Advocate General Prabhuling Navadgi said that it was for the petitioners to prove what is compulsory to be followed. He argued, “It is for the petitioners to demonstrate beyond doubt as to what is compulsory to be followed. What is optional is not compulsory; what is not compulsory is not obligatory; what is not obligatory is not essential.”

He also submitted that claiming Article 19(1)(a) right is destructive to Article 25.  Article 25 right is for compulsory practice. “When you assert Article 19(1)(a), it means choice. Article 25 has an element of compulsion as far as dress is concerned.

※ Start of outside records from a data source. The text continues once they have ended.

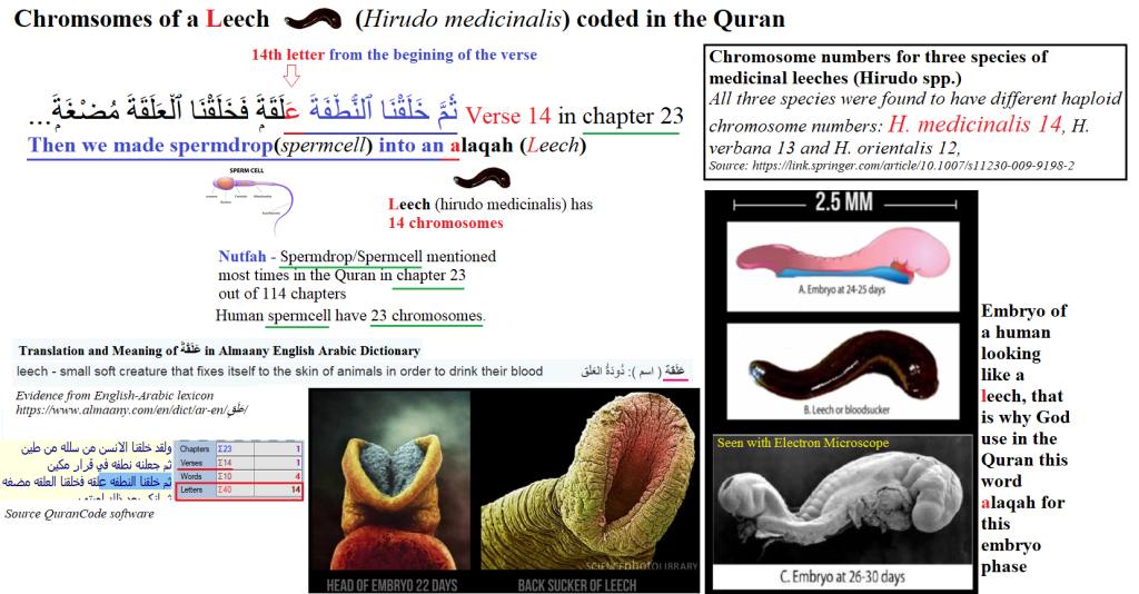 It is intriguing to note that the scientific study of some species of leeches has revealed that they have 14 individual chromosomes. The similarity in shape between the leech and the cells during the “alaqah” stage has been scientifically documented. This adds another layer of significance to the divine message present in the Quran, as it subtly alludes to the chromosome count of leeches.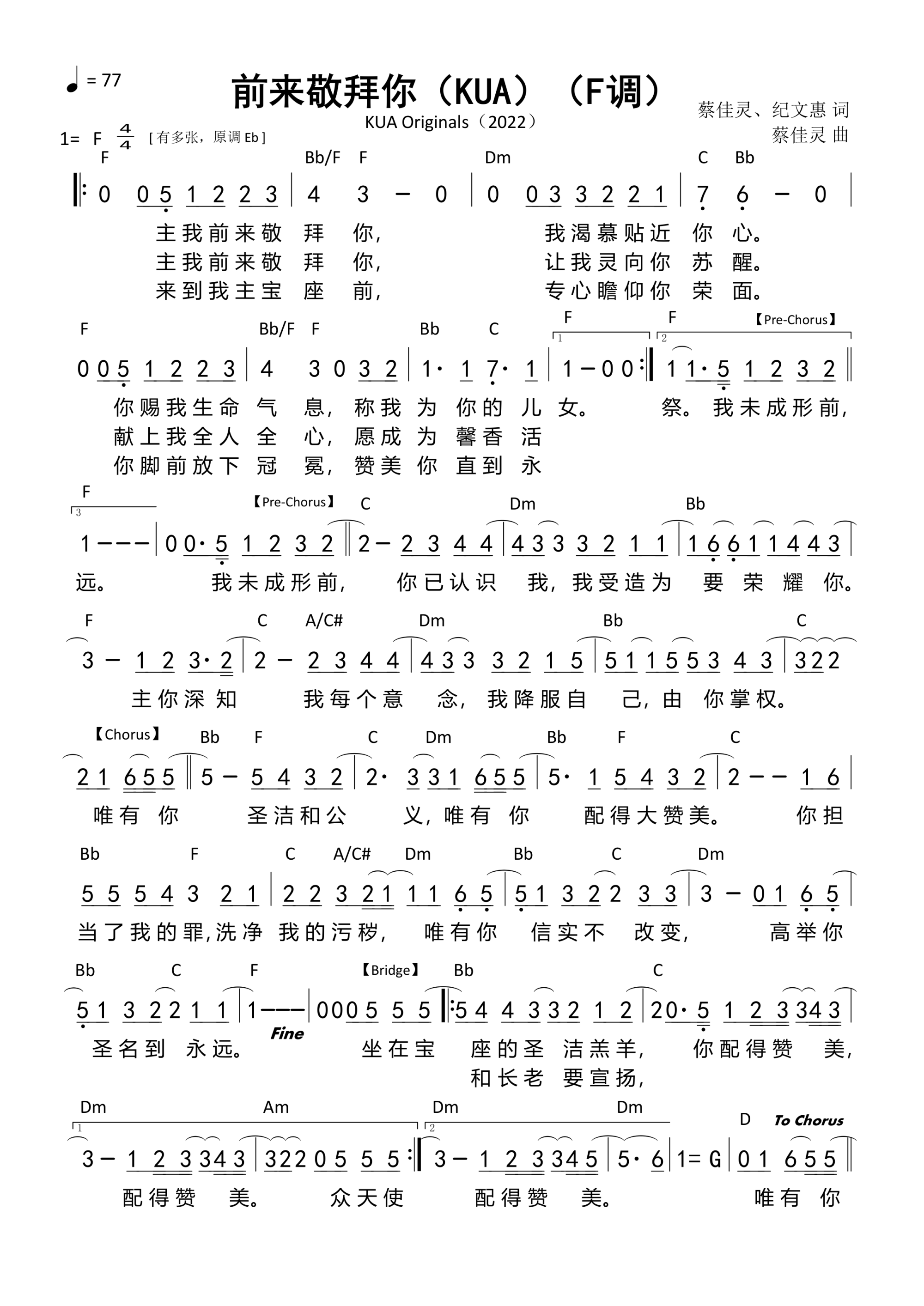 第2412首 - 前来敬拜你(KUA)(F调)和弦简谱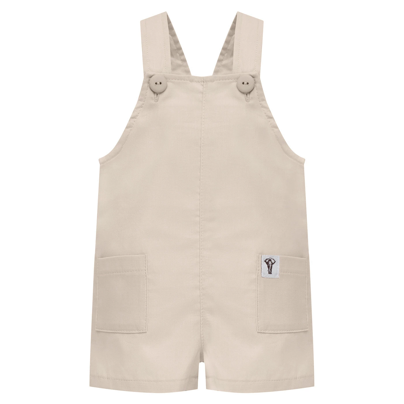 Ogrodniczki beżowe z naszywką słonika – kolekcja Safari, 100% bawełna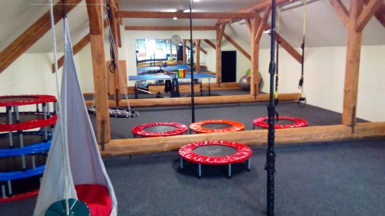 Na podstršju je postavljena nizka plezalna stena in miza za igranje namiznega tenisa, urejena pa je tudi otroška igralnica za praznovanje rojstnodnevnih zabav. V pritličju je recepcija s priročnim barom, garderobo za badminton, prostor za sprostitev z dvema solarijema, infra savno in masažnim stolom, v prvi etaži pa sta ženska in moška garderoba s tušem.

The consequence of a declaration of a court in ERP is that every member of the community is bound to abide,” he argued, adding that if wearing Hijab is under freedom of expression then Rule 11 imposes upon them a reasonable restriction on wearing a particular headgear.

He further said, “If somebody is to come before lordships seeking a declaration, that we want every woman of that faith to wear, would it not violate the right of the person, to whom we are sitting down and subjugating.” He further submitted that this is more a concept of liberty of that individual person. There cannot be a religious sanction by way of judicial declaration. This is not a question of school or college but the entire community.

He referred to a paragraph from J Chandrachud’s judgment in Sabarimala case:

“Once individual dignity assumes the character of a shining star in the constellation of fundamental rights, the place of religion in public places must be conditioned by India’s unwavering commitment to a Constitutional order based on human practices which are destructive of liberty and those which make some citizens less equal than others can simply not be countenanced.”

Petitioners submission based on compulsion

He had also submitted before the Court that dignity involves liberty; liberty involves choice. The entire submission of Petitioners is based on compulsion. The entire claim of Petition is to make compulsion; it goes against the fundamental ethos of the Constitution. There is no prohibition of hijab anywhere. But it cannot be compulsory; it should be left to the choice of the women concerned. In military service somebody had sought enforcement of individual rights. This was for growing a beard. The Court held it in the negative. 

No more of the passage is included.